Please reproduce the lines from the one containing "Material | ストレッチツイル" through the end of the data below exactly as they stand, and omit all pictures.

-.-.-

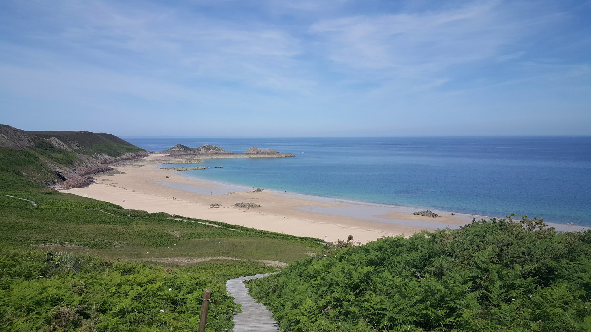 Ich finde den Ausdruck „plages sauvages“ (wörtlich „wilde Strände“) ganz schön romantisch. Die Küste rund um Erquy kann mit vielen wilden Stränden aufwarten. Aber die meisten Strände sind gar nicht wirklich wild, sondern einfach nur natürlich. Und sind meist auch für Familien geeignet. Allerdings muss man sich bewusst sein, dass der Tidenhub hier nicht unbeträchtlich ist: Bei Niedrigwasser hat man einen extrem breiten Strand vor sich. Und bei Hochwasser gibt es vielleicht gar keinen Strand mehr. Wenn man nicht aufpasst, kann man wegen ein paar in’s Meer ragenden Felsen plötzlich eingeschlossen sein. Das Wasser steigt unglaublich schnell! Es lohnt sich also, die Tidentabelle zu beachten.
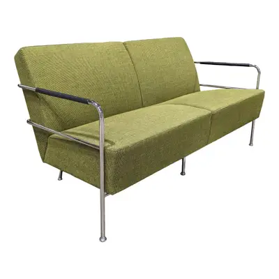 Soffan Cinema från Lammhults. Designad av Gunilla Allard. En klassisk och bekväm soffa med maximal hållbarhet. Stativ i krom, klädd i ett grönt/svart tyg.
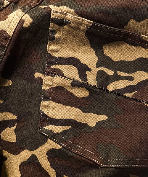 | Material | ストレッチツイル カモプリント:顔料染めにてカモプリントを施したストレッチツイル素材。顔料染めの為、自然な色落ち感を楽しむ事ができる。アメリカ、ザ・ダウ・ケミカルカンパニー社製の特殊スパンデックスを使用しており、従来のポリウレタンに比べ耐熱性・伸長回復率に優れている。 |
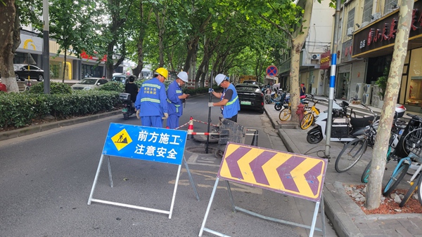 工作人員進(jìn)行管網(wǎng)養(yǎng)護(hù)與疏通。秦淮區(qū)水務(wù)局供圖
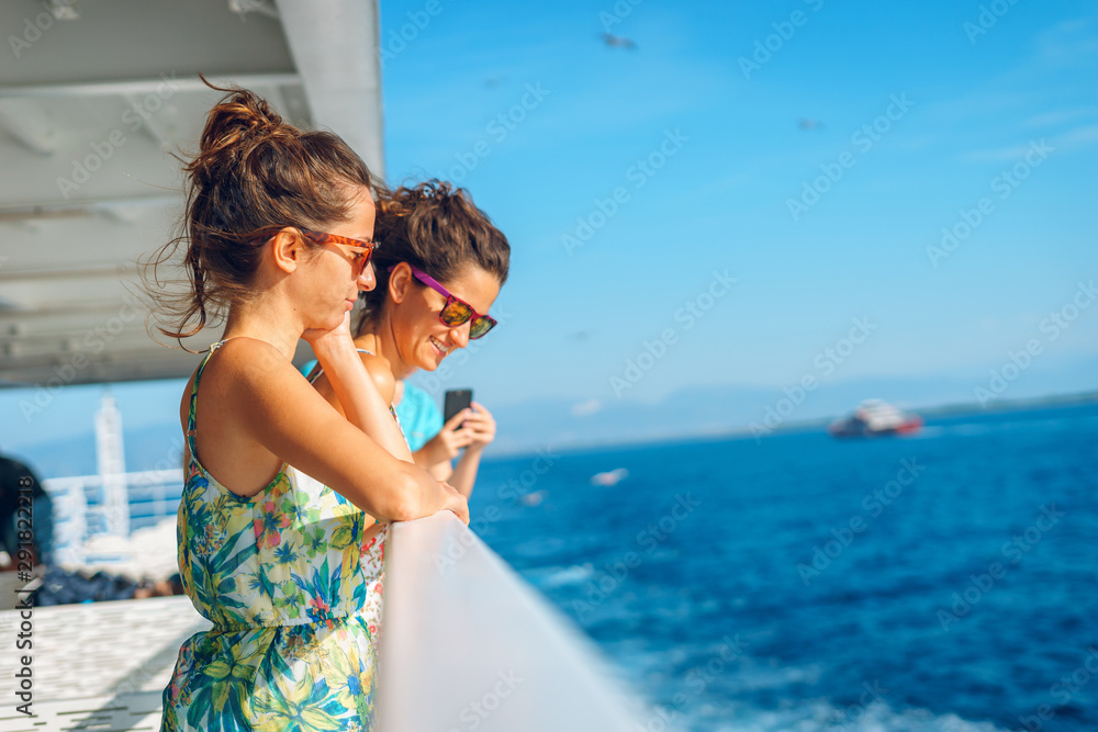 Carta da parati Two young women girl friends sisters standing by the fence on deck of the ferry

-.-.-

• [Reply]:
 | Material | ストレッチツイル カモプリント:顔料染めにてカモプリントを施したストレッチツイル素材。顔料染めの為、自然な色落ち感を楽しむ事ができる。アメリカ、ザ・ダウ・ケミカルカンパニー社製の特殊スパンデックスを使用しており、従来のポリウレタンに比べ耐熱性・伸長回復率に優れている。 |
 工作人員進(jìn)行管網(wǎng)養(yǎng)護(hù)與疏通。秦淮區(qū)水務(wù)局供圖
 Carta da parati Two young women girl friends sisters standing by the fence on deck of the ferry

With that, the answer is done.